Write out, word for word, the part of the listing below that opens with the line containing "ASUSのゲーミングシリーズTUF GAMINGより、ピラーレスデザインのハンドル付PCケース「TUF Gaming" and closes with the line containing "Modern Brick Building", keeping both of those lines and adding no others.
━━━━━━━━━━
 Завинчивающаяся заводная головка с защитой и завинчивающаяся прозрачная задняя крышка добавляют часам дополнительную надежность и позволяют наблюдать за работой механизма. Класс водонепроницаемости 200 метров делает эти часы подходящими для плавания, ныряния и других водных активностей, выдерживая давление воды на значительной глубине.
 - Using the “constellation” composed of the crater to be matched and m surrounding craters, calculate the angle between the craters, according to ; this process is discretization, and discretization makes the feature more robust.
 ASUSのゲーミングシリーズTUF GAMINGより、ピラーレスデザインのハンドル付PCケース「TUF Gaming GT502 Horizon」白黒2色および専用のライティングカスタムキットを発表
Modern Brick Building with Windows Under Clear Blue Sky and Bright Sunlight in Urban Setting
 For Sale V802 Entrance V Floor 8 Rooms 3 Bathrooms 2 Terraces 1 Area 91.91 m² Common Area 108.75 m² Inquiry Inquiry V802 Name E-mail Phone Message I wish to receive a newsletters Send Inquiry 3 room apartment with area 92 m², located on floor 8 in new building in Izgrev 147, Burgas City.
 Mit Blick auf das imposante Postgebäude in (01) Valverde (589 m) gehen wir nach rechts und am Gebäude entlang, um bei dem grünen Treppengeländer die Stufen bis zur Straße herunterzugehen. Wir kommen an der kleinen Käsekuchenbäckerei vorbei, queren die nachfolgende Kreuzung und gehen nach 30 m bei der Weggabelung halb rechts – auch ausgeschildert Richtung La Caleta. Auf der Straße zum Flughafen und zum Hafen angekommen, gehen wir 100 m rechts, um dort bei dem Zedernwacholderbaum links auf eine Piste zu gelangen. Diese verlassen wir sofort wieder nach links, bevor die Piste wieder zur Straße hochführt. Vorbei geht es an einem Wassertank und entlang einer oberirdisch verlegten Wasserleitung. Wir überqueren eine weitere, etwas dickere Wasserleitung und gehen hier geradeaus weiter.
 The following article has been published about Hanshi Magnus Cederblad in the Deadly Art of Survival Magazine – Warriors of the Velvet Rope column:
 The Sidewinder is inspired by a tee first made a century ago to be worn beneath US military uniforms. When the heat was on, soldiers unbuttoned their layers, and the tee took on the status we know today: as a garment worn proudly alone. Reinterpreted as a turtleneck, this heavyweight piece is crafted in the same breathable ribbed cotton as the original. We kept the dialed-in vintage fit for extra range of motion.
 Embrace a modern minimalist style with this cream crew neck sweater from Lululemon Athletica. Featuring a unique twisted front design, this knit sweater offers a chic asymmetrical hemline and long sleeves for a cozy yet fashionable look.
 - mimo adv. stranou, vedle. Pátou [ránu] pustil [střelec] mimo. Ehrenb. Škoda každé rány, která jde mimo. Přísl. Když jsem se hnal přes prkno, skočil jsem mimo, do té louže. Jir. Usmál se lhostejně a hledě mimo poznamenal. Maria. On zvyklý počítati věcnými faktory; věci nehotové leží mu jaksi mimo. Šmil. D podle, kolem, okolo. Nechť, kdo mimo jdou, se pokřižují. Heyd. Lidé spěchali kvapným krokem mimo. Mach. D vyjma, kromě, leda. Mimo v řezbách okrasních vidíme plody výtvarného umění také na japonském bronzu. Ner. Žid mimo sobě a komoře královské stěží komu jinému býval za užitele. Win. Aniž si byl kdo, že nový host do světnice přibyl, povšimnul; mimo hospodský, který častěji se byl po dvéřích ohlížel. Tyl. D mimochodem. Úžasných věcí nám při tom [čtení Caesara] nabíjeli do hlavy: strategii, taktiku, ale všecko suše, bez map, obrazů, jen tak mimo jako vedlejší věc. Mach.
━━━━━━━━━━
Solution to this problem:
 ASUSのゲーミングシリーズTUF GAMINGより、ピラーレスデザインのハンドル付PCケース「TUF Gaming GT502 Horizon」白黒2色および専用のライティングカスタムキットを発表
Modern Brick Building with Windows Under Clear Blue Sky and Bright Sunlight in Urban Setting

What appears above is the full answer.